*** Block opens ***
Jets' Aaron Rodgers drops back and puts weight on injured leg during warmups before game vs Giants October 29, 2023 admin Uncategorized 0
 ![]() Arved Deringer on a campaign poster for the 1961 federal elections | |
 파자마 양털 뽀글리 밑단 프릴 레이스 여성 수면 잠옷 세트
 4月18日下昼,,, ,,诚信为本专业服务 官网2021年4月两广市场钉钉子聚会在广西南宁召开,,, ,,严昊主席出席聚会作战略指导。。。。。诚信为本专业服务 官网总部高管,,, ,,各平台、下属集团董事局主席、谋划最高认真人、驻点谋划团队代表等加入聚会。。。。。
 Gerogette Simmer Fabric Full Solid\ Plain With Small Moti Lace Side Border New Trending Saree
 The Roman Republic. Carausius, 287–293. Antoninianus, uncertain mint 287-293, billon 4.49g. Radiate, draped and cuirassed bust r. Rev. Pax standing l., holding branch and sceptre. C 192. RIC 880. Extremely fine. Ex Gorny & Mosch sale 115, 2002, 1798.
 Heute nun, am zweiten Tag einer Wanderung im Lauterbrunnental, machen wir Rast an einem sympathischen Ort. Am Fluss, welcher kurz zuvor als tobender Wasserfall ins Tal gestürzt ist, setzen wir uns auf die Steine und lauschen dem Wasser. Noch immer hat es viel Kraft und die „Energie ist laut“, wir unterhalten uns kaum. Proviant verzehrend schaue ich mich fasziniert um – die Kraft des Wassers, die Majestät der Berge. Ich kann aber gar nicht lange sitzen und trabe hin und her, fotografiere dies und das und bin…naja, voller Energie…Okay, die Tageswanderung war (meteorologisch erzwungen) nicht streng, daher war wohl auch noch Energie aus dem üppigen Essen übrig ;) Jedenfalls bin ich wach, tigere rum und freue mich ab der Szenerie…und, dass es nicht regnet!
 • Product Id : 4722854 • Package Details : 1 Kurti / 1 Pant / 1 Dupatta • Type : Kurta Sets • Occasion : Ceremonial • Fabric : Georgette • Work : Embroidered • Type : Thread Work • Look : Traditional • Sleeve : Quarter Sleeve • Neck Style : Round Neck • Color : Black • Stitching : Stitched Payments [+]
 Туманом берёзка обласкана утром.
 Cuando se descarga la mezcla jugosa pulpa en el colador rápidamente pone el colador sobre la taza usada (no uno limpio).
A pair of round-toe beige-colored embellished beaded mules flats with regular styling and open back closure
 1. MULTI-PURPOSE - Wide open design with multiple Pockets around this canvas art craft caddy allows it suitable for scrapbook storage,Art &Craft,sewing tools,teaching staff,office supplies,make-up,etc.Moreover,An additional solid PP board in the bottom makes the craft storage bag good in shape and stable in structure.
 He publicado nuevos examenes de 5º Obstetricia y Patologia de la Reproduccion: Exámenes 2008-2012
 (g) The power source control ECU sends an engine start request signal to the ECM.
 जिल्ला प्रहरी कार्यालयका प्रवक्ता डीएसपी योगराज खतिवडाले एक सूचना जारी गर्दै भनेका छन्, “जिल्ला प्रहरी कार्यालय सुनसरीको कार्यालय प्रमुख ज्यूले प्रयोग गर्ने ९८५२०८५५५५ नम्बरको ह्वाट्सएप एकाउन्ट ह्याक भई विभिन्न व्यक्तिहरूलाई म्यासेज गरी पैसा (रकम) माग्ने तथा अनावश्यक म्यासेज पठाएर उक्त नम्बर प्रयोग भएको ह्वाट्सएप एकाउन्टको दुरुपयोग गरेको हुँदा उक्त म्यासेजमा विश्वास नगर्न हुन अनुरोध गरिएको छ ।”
*** Block closes ***
To do:
State the number of lines holding the word "Fabric" in the listing. Add nothing else.

Answer to this exercise:
2